Si un jour férié précède ou suit la fin de semaine en la prolongeant, il profitera à celui qui exerce le droit de visite et d'hébergement.
La période de vacances scolaires à prendre en considération est celle de l'Académie du ressort de l'établissement scolaire de l’enfant.
Dans tous les cas le titulaire du droit de visite devra prendre ou faire prendre l'enfant et le ramener ou le faire ramener par une personne de confiance (parent, allié ou personne dument mandatée par le titulaire du droit de visite) au lieu de résidence.
Si le bénéficiaire du droit de visite n'est pas venu chercher l'enfant au plus tard une heure après l'heure fixée pour les fins de semaine, il sera sauf accord contraire des parties, comme ayant renoncé à son droit de visite pour la période concernée.

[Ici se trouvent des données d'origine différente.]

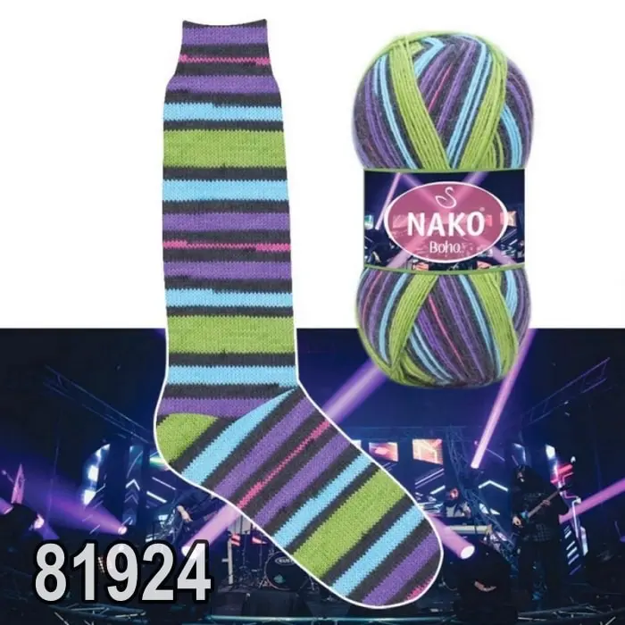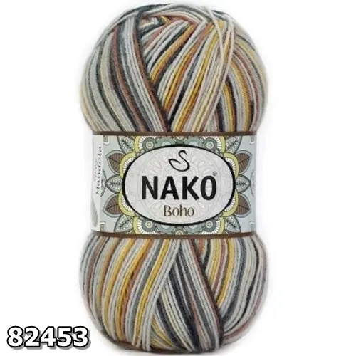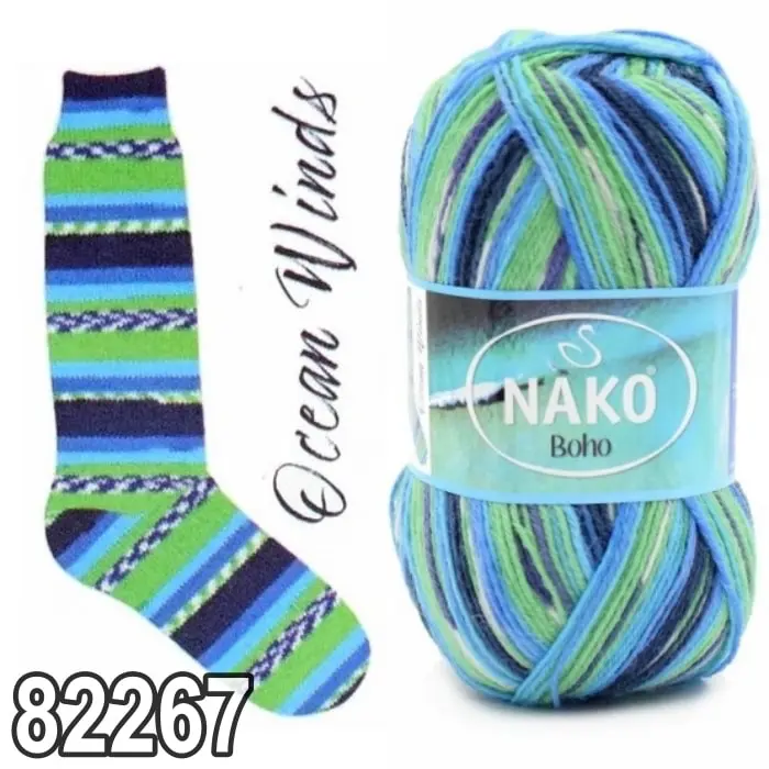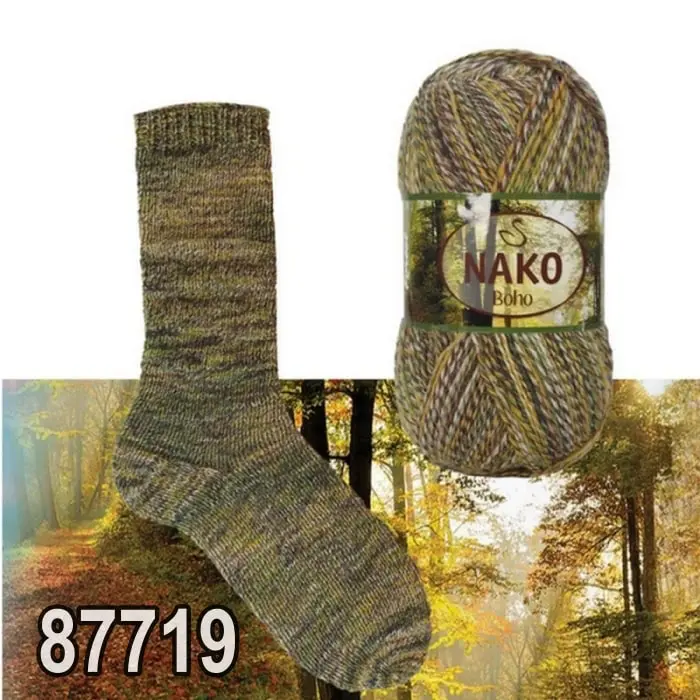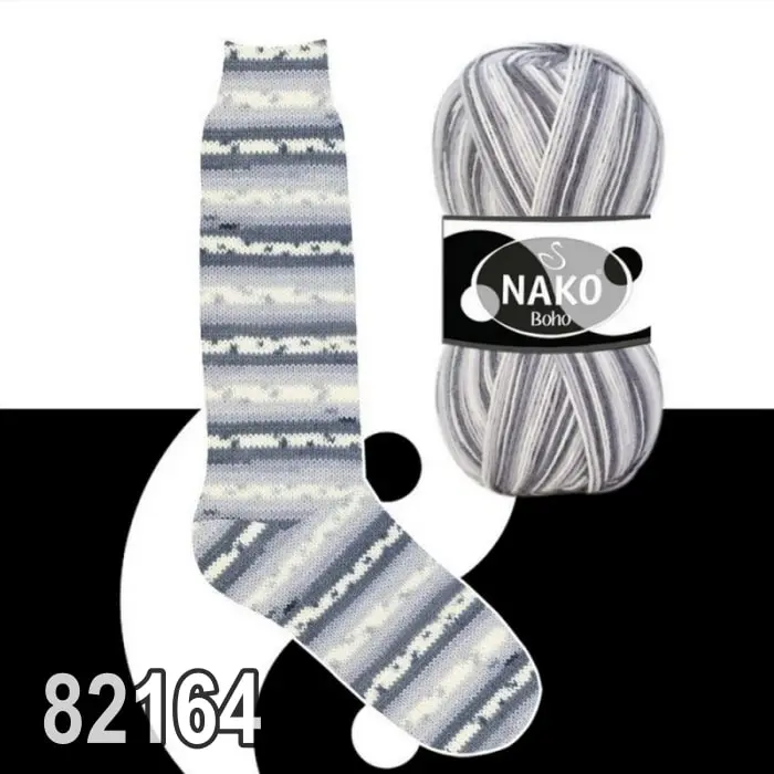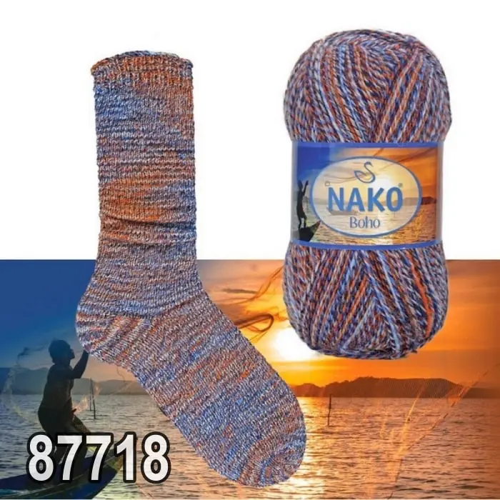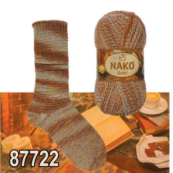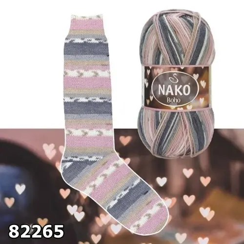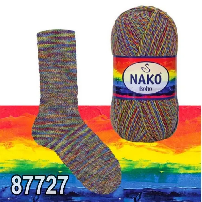 Nako Boho to cienka ciepła włóczka, która można używać cały rok. Połączenie dużej ilości wełny i poliamidu sprawia, że będzie idealną włóczką skarpetkową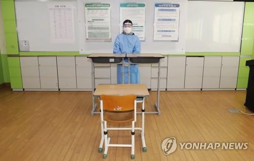 | ▲ A proctor in full protective gear rehearses to supervise the college entrance test at a classroom for test-takers with COVID-19 symptoms at Areum High School in Sejong, central South Korea, on Nov. 16, 2021, two days before the test to be taken by 509,821 students nationwide amid the pandemic. (Yonhap) |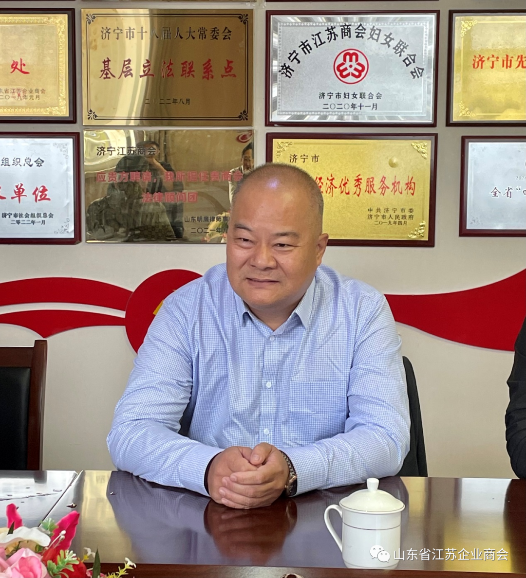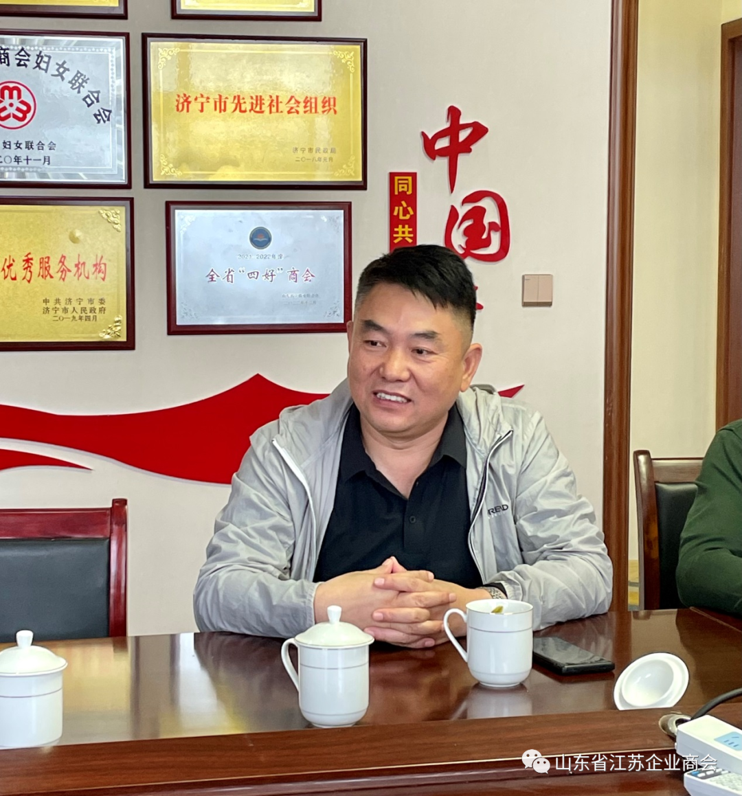 其次,会长渠永、书记邱天对李会长一行赴济宁交流表示热烈的欢迎和衷心的感谢,并简要介绍了商会建设的有关情况。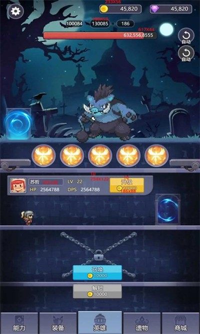 每过十关会遇到关卡,玩家需要在限定的时间内消灭敌人,伤害不够的话则会回到前一关。伤害不够的话,玩家需要积攒资源升级,也可以点击挂机离开游戏,离线获得资源等,回到游戏之后即可升级魔法等,强化攻击力,继续闯关。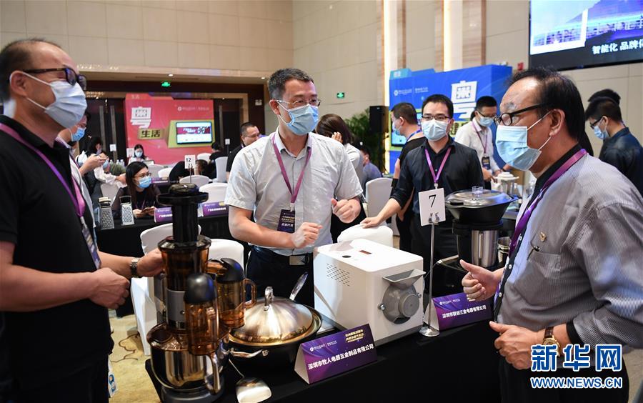 在第128届网上广交会的线下双循环贸易促进活动上,企业代表和采购代表洽谈业务(10月16日摄)。新华社记者 邓华 摄

- CONDAMNER Monsieur [R] [M] à payer à Madame [O] [K] une pension alimentaire de 150 euros par mois pour l’enfant [T] ainsi qu’à la prise en charge par moitié de l’ensemble des frais exceptionnels.
- Dire n’y avoir lieu à exécution provisoire des dispositions de la décision à intervenir qui ne seraient pas conformes aux demandes du présent requérant,
- Dire que chacune des parties conservera la charge de ses propres dépens.
Par conclusions signifiées par RPVA le 16 avril 2024, Monsieur [M] [R] forme pour l’essentiel les demandes suivantes :
-Prononcer le divorce d’entre les époux [R]-[O] en application des dispositions des articles 237 et 238 du code civil ;
-Dire que Madame [O] reprendra l’usage de son nom de jeune fille au prononcé du divorce ;
- Voir révoquer les donations et avantages matrimoniaux consentis entre époux, ainsi que les dispositions pour cause de mort consentis pendant le mariage ;
- Voir entériner la proposition de règlement des intérêts pécuniaires des époux faite par Madame [O] , notamment sur la résidence séparée et sur le mobilier du ménage ;
- Prendre en compte la date du 27 décembre 2021 comme date de cessation de la vie commune et dire qu’à compter de cette date, Madame [O] sera seule redevable du loyer et des charges locatives ;
- Fixer la date des effets du divorce au jour du prononcé de l’ordonnance d’orientation et de mesures provisoires soit le 30 juin 2023 ;
- Dire et juger que l’autorité parentale sur l’enfant mineure [T] sera exercée conjointement par les deux parents ;
- Fixer la résidence habituelle de l’enfant au domicile de la mère ;
- Fixer le droit de visite et d’hébergement du père de la manière suivante :
Le droit de visite et d’hébergement de Monsieur [R] s’exercera librement et à défaut d’accord amiable :
Les fins de semaine paires du vendredi soir 18 h 00 au dimanche 19 heures ;
La moitié des vacances scolaires, première moitié les années paires et seconde moitié les années impaires ;
Si un jour férié précède ou suit la fin de semaine en la prolongeant, il profitera à celui qui exerce le droit de visite et d’hébergement.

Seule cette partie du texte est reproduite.